The less obvious places are where the December deadline gets uncomfortable. Student wellbeing flagging is one. A growing number of institutions use automated systems to identify students at risk of disengagement, mental health concerns, or academic failure. These systems take attendance, LMS engagement, assessment patterns, and sometimes financial signals, and they output a prioritised list of students for intervention. That’s a computer program using personal information to make a decision that significantly affects a student’s interests, particularly when intervention happens without the student’s awareness.
Adaptive learning platforms are another. Increasingly, courseware adjusts in real time based on individual learner data, what gets shown next, which scaffolds get presented, sometimes which pathway a student is steered toward. The personalisation is the point. But once that personalisation crosses into directing a student’s educational pathway in ways that materially shape their outcomes, the disclosure obligation kicks in.
Plagiarism and academic integrity tools are now AI-driven and increasingly opaque. When a system flags a student for academic misconduct, the consequences can include suspension or expulsion. The new transparency rules require that the use of such systems be clearly disclosed, including the kinds of personal information used and the kinds of decisions made.
Then there’s the Microsoft 365 layer. Across Australian education, Copilot Studio agents are being built at pace for student support, enquiry handling, application processing, and case management. Many of these agents touch personal information. Many of them contribute to decisions. Few are inventoried in a way that supports a compliant privacy policy disclosure.

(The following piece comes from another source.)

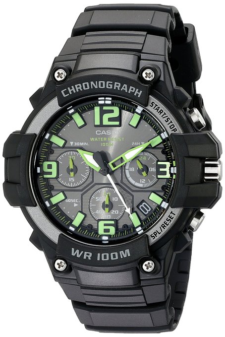这款卡西欧Casio男式MCW-100H-3AVCF Heavy Duty-Design精密计时黑色手表,内置太阳能电池,确保了时间的精准,无需额外能源,节能环保,46.2mm表径,非常大的表盘,适合粗手腕的纯爷们真汉子,指针显示,三眼计时,橡胶表带表盘耐摔耐磨!100米防水还是很靠谱的,足够应付日常生活。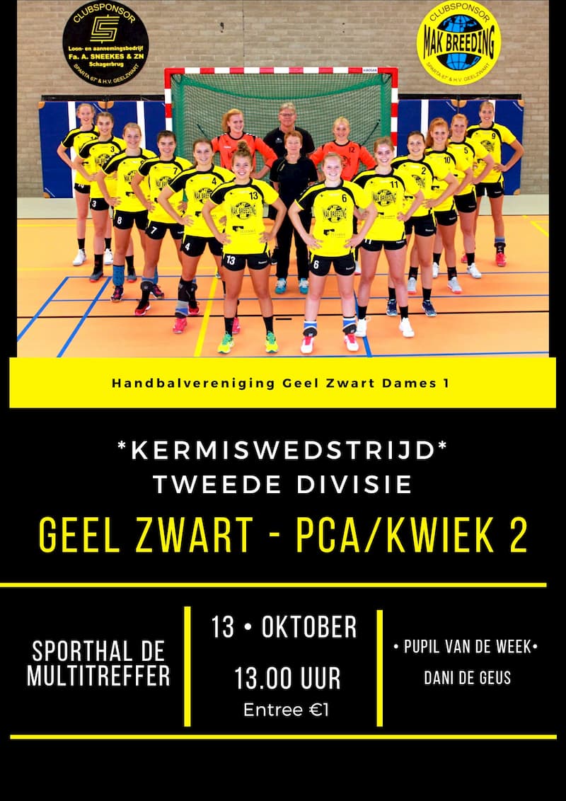 | 13 okt 13:00 uur | Geel Zwart DS1 – PCA/Kwiek DS2 | Scheidsrechter: Leen Cornelisse / Koos de Groot |

The specific risk for education
Education has two particular exposures here that other sectors don't share to the same extent.
The first is the consent and capacity question. Many of the data subjects in education systems are minors or young adults. The transparency obligation under APP 1 sits alongside, not on top of, an institution’s broader duty of care. A privacy policy disclosure that says we use AI to flag students at risk of failing is technically compliant. Whether it’s appropriate, ethical, and aligned with community expectations is a separate question. The OAIC's enforcement posture makes clear that compliance with the letter is necessary but not sufficient.
The second is the regulatory layering. Universities are subject to the Privacy Act, TEQSA standards, the ESOS Act for international students, and increasingly state-level requirements around child safety and digital wellbeing. The privacy policy is one disclosure surface; institutions are likely to need to align disclosures across multiple regulatory regimes simultaneously.

The Robodebt parallel that nobody talks about
Robodebt is treated as a government story. But the underlying lesson that an automated decision-making system, deployed at scale, with insufficient transparency and inadequate human review, can cause harm to thousands of people simultaneously applies just as forcefully to education.
A flawed admissions algorithm, a poorly calibrated retention model, a wellbeing flagging system trained on biased data, any of these could constitute the same kind of systemic harm at scale. The December 2026 transparency rules are the start of Australia’s regulatory response to that risk, not the end of it.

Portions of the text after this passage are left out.